* INFORMATION PROVIDED
————————
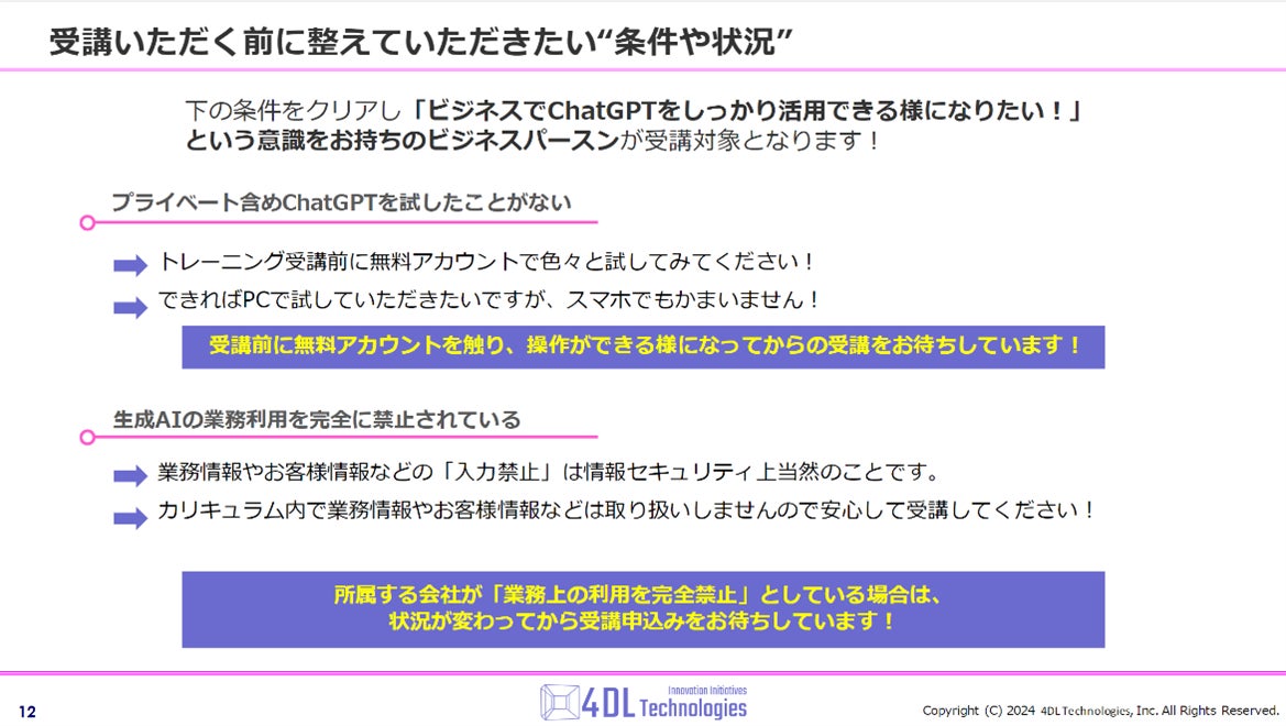 4DL Technologies 株式会社(本社:千葉県千葉市、代表取締役CEO兼CTO:荒巻 智隼、以下「4DL」)は、《非エンジニア向けに実務でChatGPTを活用するための実践型リスキリングプログラム【ANT-B1】》を2024年10月より提供開始します。
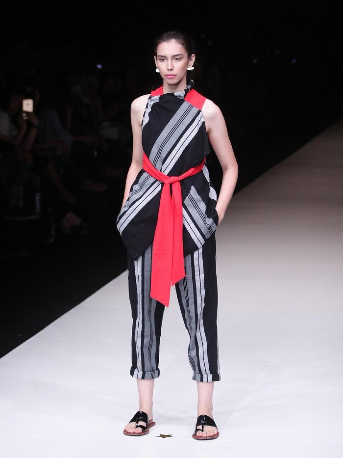 Desainer Lulu Lutfi Labibi mempersembahkan koleksi terbarunya di landasan peraga Jakarta Fashion Week 2018, Selasa (24/11/2017). Sebuah koleksi busana lurik bergaya kontemporer yang lahir dari rasa kecewa dan sakit hati sang desainer.
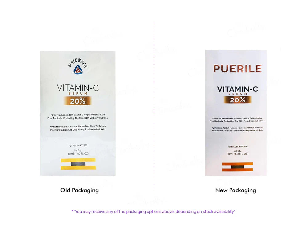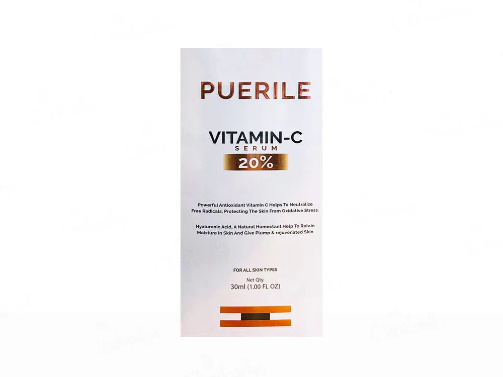 Puerile 20% Vitamin-C Serum is a potent antioxidant-rich formula designed to brighten the complexion, reduce dark spots, and promote a youthful glow. Infused with 20% pure Vitamin C, this serum helps protect the skin from environmental damage, stimulates collagen production, and fades hyperpigmentation. Combined with Hyaluronic Acid and Vitamin E, it deeply hydrates, smoothens fine lines, and enhances skin elasticity, leaving your skin radiant and even-toned. Suitable for all skin types, this serum is perfect for daily use to achieve healthier, glowing skin.
————————
* AIM OF THE EXERCISE
Reproduce the material word for word, pictures excluded.

* EXERCISE SOLUTION
 4DL Technologies 株式会社(本社:千葉県千葉市、代表取締役CEO兼CTO:荒巻 智隼、以下「4DL」)は、《非エンジニア向けに実務でChatGPTを活用するための実践型リスキリングプログラム【ANT-B1】》を2024年10月より提供開始します。
 Desainer Lulu Lutfi Labibi mempersembahkan koleksi terbarunya di landasan peraga Jakarta Fashion Week 2018, Selasa (24/11/2017). Sebuah koleksi busana lurik bergaya kontemporer yang lahir dari rasa kecewa dan sakit hati sang desainer.
 Puerile 20% Vitamin-C Serum is a potent antioxidant-rich formula designed to brighten the complexion, reduce dark spots, and promote a youthful glow. Infused with 20% pure Vitamin C, this serum helps protect the skin from environmental damage, stimulates collagen production, and fades hyperpigmentation. Combined with Hyaluronic Acid and Vitamin E, it deeply hydrates, smoothens fine lines, and enhances skin elasticity, leaving your skin radiant and even-toned. Suitable for all skin types, this serum is perfect for daily use to achieve healthier, glowing skin.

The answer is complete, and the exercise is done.